Your task
No pictures belong in the answer. Repeat all the entries exactly.
——————
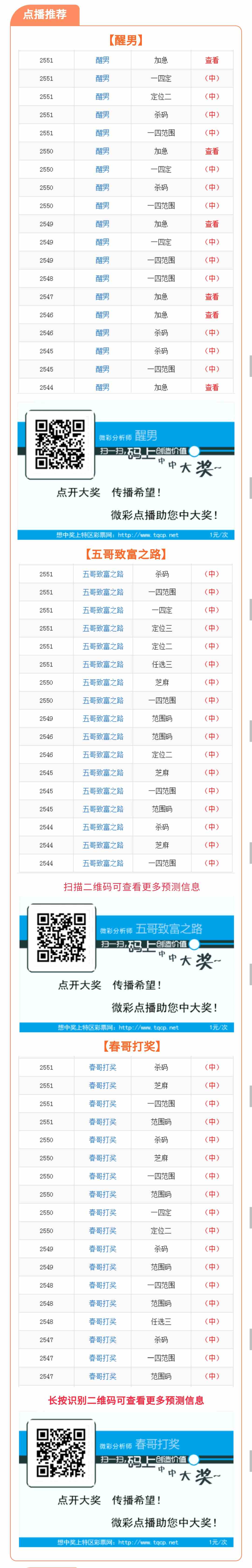 【点播推荐】2552期推荐醒男”五哥致富之路”“春哥打奖”3位分析师
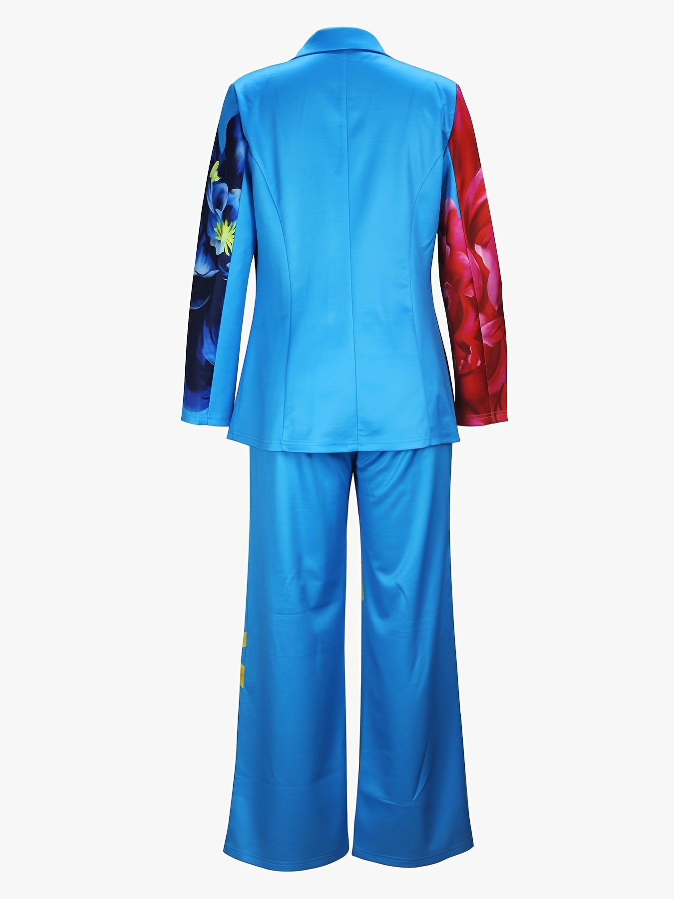 Floral Print V-Neck Blazer and Flare Trouser Pants Set
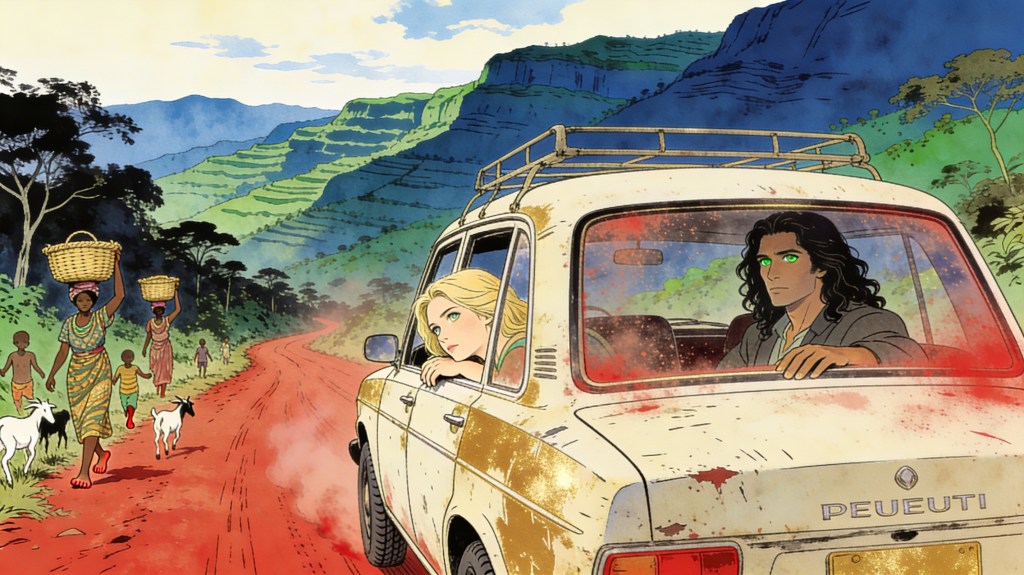 A driver leans against his battered Peugeot. I study the cracked windshield and arch an eyebrow. “Do you think it’ll make it up the mountains, or shall we push when the engine gets bored of the incline?”
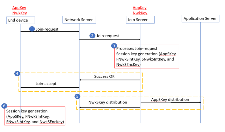 O servidor de adesão processa a mensagem de solicitação de ingresso. O servidor de adesão gerará todas as chaves de sessão (AppSKey, FNwkSIntKey, SNwkSIntKey e NwkSEncKey) se o dispositivo final tiver permissão para ingressar na rede.
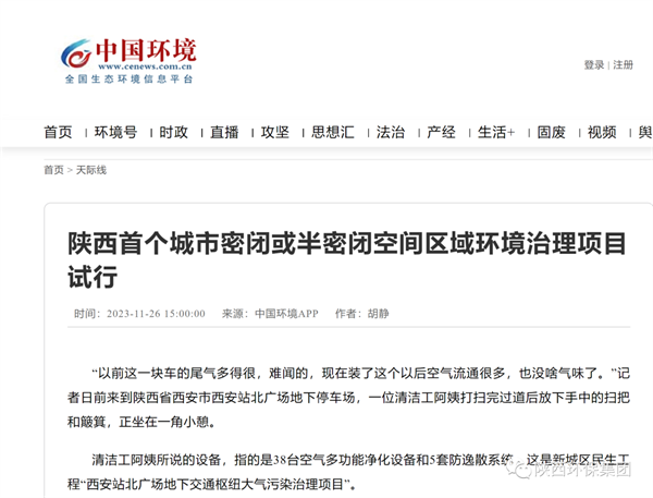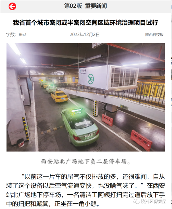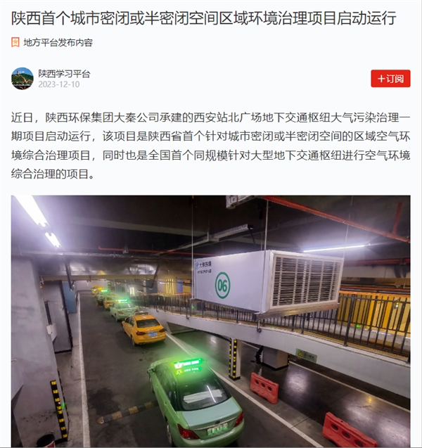 近日,學習強國、中國環境報、陜西科技報、三秦企業文化網、陜西國資等主流媒體對陜西環保集團大秦公司承建的全省首個城市密閉或半密閉空間區域環境治理項目“西安站北廣場地下交通樞紐大氣污染治理一期項目”大氣污染治理成效等情況進行了報道,現刊載如下,以饗讀者。
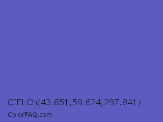 CIELCh 43.851,59.624,297.841 Color is a normal blue color and the nearest color is Blue Violet #6456b7. Hex code #5c5cc0 and RGB value is rgb(92,92,192). In RGB color space, this color is composed of 36% red, 36% green, 75% blue, In CMYK color space, this color is composed of 52% cyan, 52% magenta, 0% yellow , 25% black , In HSL color space, this color has a hue angle of 240° , 44% saturation and 56% lightness.
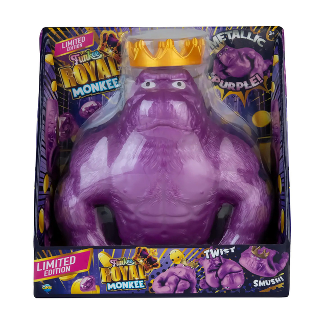 All hail the Funkee Monkee Royal! The glittering, metallic monarch of our viral Funkee Monkee line — with over 6 billion TikTok views — this jumbo edition is nearly 5 pounds of stretchy, squishy, poseable fun. Twist, smush, and shape the crowned king into endless hilarious expressions, making it a show-stopping fidget toy for kids and collectors alike. Regal, viral, and utterly irresistible, the Royal Monkee rules the shelf and your social feeds!
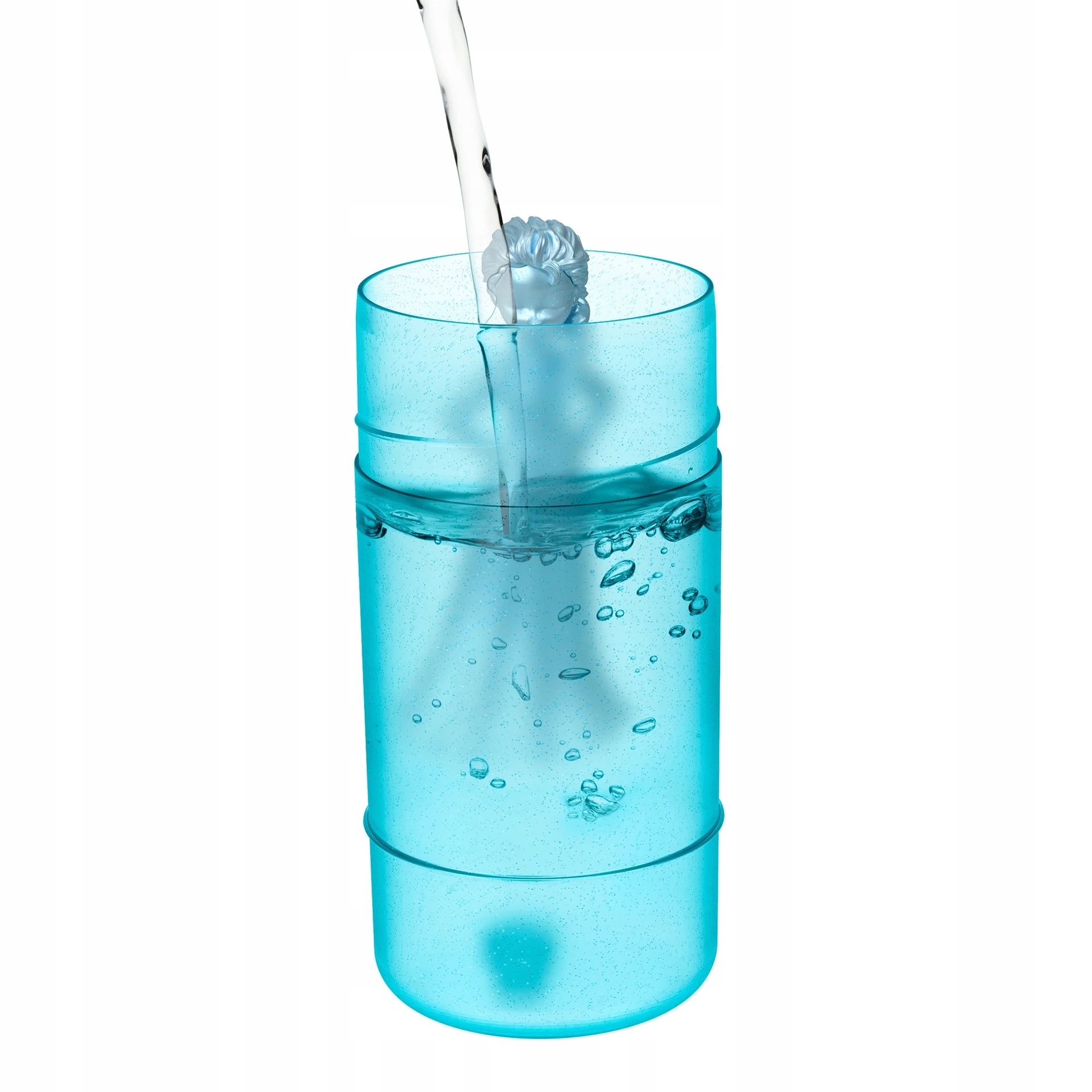 • Vzemite vse iz tube, jo napolnite z vodo in vanjo postavite punčko – pretresite gor in dol, da začnete zabavo
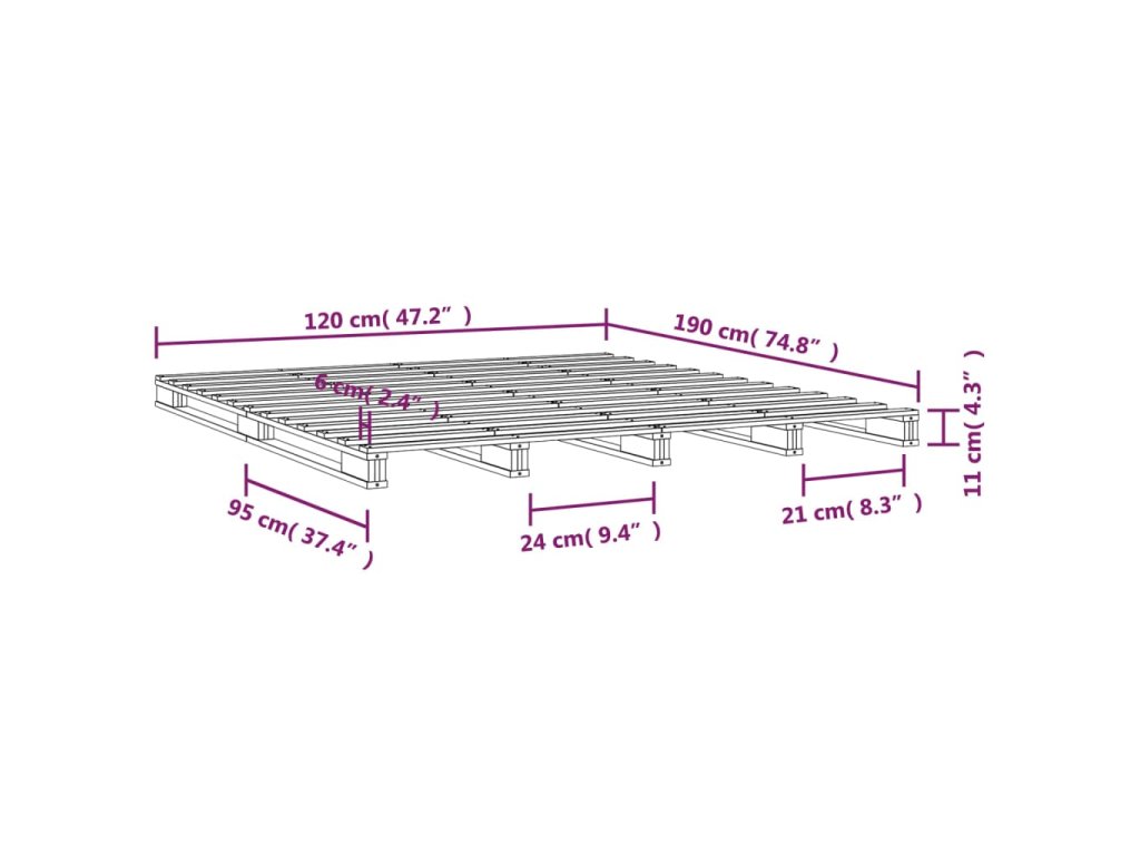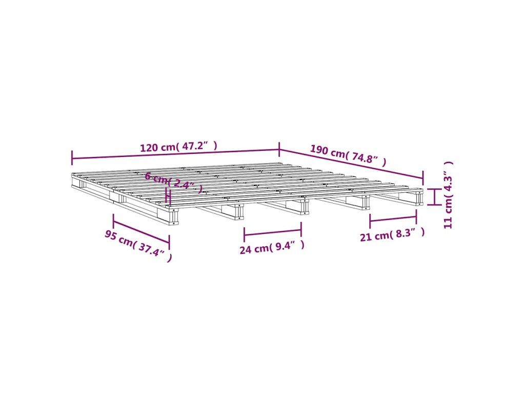 Postel z palet 120 x 190 cm masivní borovice Small Double 821427
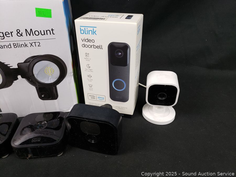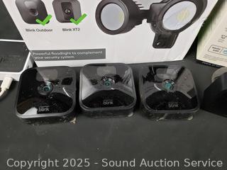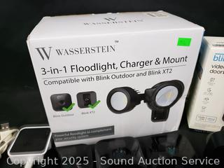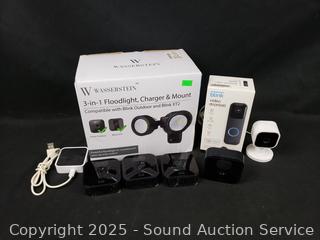 4 Outdoor cameras, indoor camera, Video doorbell, 3-in-1 Floodlight Charger Camera Mount. Untested, unknown completeness. Outdoor camera's probably need new batteries, indoor camera comes with power cable. Doorbell & Security light have power. As is.
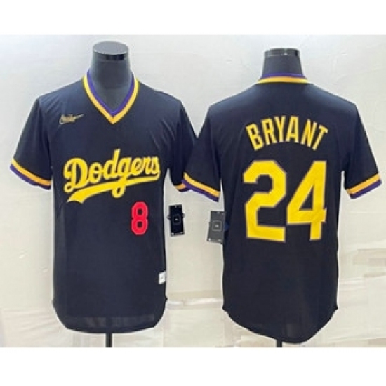 Men's Los Angeles Dodgers #8 #24 Kobe Bryant Number Black Stitched Pullover Throwback Nike Jersey1
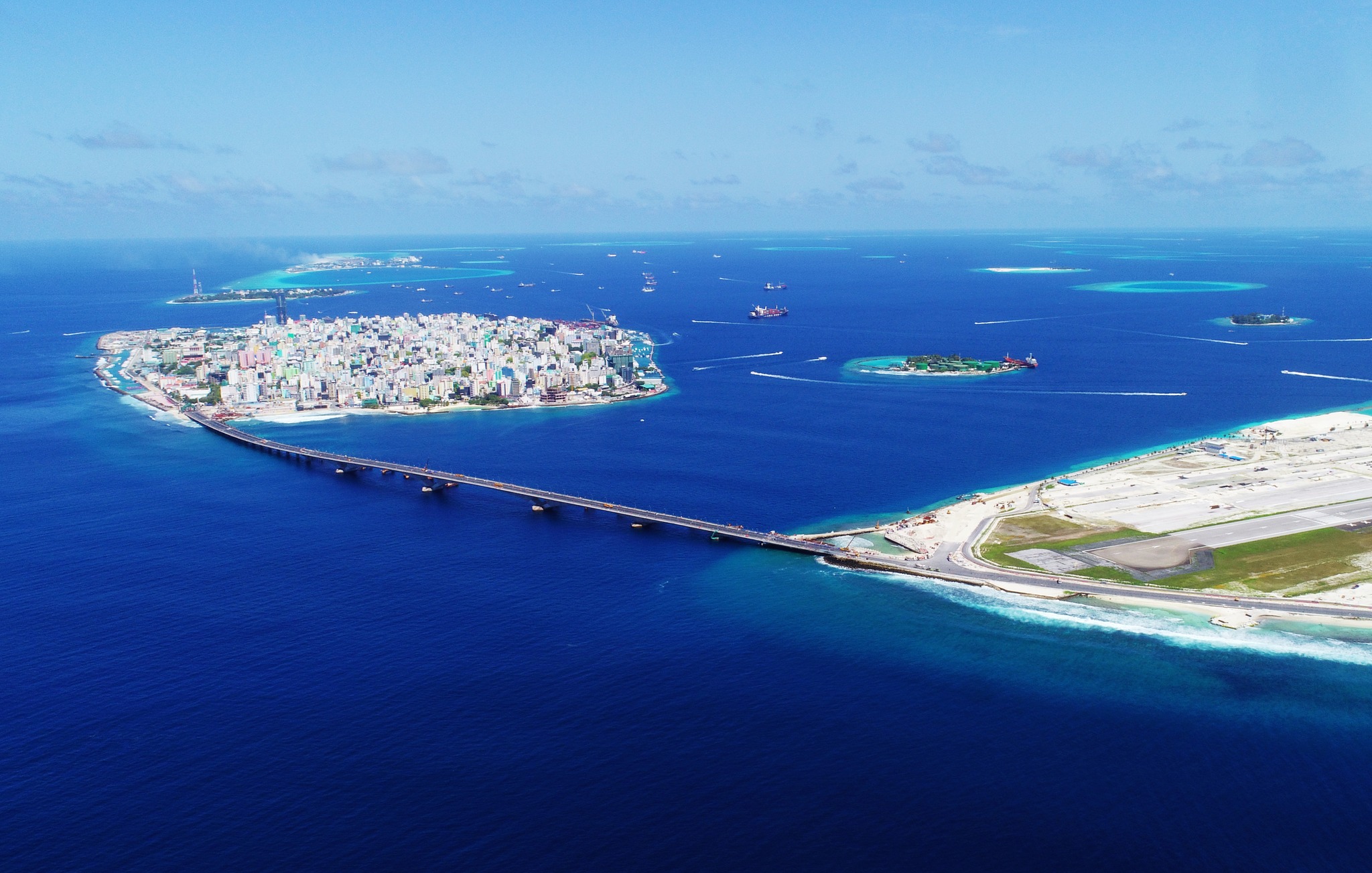 中马友谊大桥是中国援建的连接马尔代夫首都马累到机场岛的跨海大桥,全长2公里,双向4车道。2015年12月30日开工,2018年8月30日建成通车。
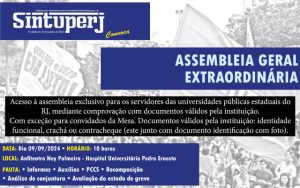 Na última Assembleia dos técnico-administrativos, realizada em 13/08/2024, a Diretoria Executiva do Sintuperj apresentou diversas propostas. Entre elas: 1- Construir a realização de uma plenária comunitária da Uerj, a ser discutida com DCE e Asduerj, para discussão da possibilidade de…
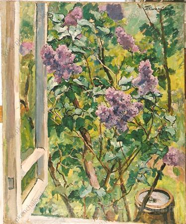 Nous vous proposons une reproduction artisanale sur toile du célèbre tableau 'Nature morte. Lilas dans la fenêtre.' de Pyotr Konchalovsky, provenant du Musée de la Reproduction.
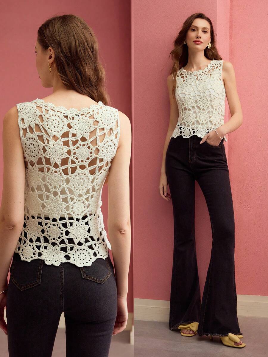 MOTF PREMIUM WEAVE HOLLOW OUT SWEATER VEST
——————
Result for this exercise
 【点播推荐】2552期推荐醒男”五哥致富之路”“春哥打奖”3位分析师
 Floral Print V-Neck Blazer and Flare Trouser Pants Set
 A driver leans against his battered Peugeot. I study the cracked windshield and arch an eyebrow. “Do you think it’ll make it up the mountains, or shall we push when the engine gets bored of the incline?”
 O servidor de adesão processa a mensagem de solicitação de ingresso. O servidor de adesão gerará todas as chaves de sessão (AppSKey, FNwkSIntKey, SNwkSIntKey e NwkSEncKey) se o dispositivo final tiver permissão para ingressar na rede.
 近日,學習強國、中國環境報、陜西科技報、三秦企業文化網、陜西國資等主流媒體對陜西環保集團大秦公司承建的全省首個城市密閉或半密閉空間區域環境治理項目“西安站北廣場地下交通樞紐大氣污染治理一期項目”大氣污染治理成效等情況進行了報道,現刊載如下,以饗讀者。
 CIELCh 43.851,59.624,297.841 Color is a normal blue color and the nearest color is Blue Violet #6456b7. Hex code #5c5cc0 and RGB value is rgb(92,92,192). In RGB color space, this color is composed of 36% red, 36% green, 75% blue, In CMYK color space, this color is composed of 52% cyan, 52% magenta, 0% yellow , 25% black , In HSL color space, this color has a hue angle of 240° , 44% saturation and 56% lightness.
 All hail the Funkee Monkee Royal! The glittering, metallic monarch of our viral Funkee Monkee line — with over 6 billion TikTok views — this jumbo edition is nearly 5 pounds of stretchy, squishy, poseable fun. Twist, smush, and shape the crowned king into endless hilarious expressions, making it a show-stopping fidget toy for kids and collectors alike. Regal, viral, and utterly irresistible, the Royal Monkee rules the shelf and your social feeds!
 • Vzemite vse iz tube, jo napolnite z vodo in vanjo postavite punčko – pretresite gor in dol, da začnete zabavo
 Postel z palet 120 x 190 cm masivní borovice Small Double 821427
 4 Outdoor cameras, indoor camera, Video doorbell, 3-in-1 Floodlight Charger Camera Mount. Untested, unknown completeness. Outdoor camera's probably need new batteries, indoor camera comes with power cable. Doorbell & Security light have power. As is.
 Men's Los Angeles Dodgers #8 #24 Kobe Bryant Number Black Stitched Pullover Throwback Nike Jersey1
 中马友谊大桥是中国援建的连接马尔代夫首都马累到机场岛的跨海大桥,全长2公里,双向4车道。2015年12月30日开工,2018年8月30日建成通车。
 Na última Assembleia dos técnico-administrativos, realizada em 13/08/2024, a Diretoria Executiva do Sintuperj apresentou diversas propostas. Entre elas: 1- Construir a realização de uma plenária comunitária da Uerj, a ser discutida com DCE e Asduerj, para discussão da possibilidade de…
 Nous vous proposons une reproduction artisanale sur toile du célèbre tableau 'Nature morte. Lilas dans la fenêtre.' de Pyotr Konchalovsky, provenant du Musée de la Reproduction.
 MOTF PREMIUM WEAVE HOLLOW OUT SWEATER VEST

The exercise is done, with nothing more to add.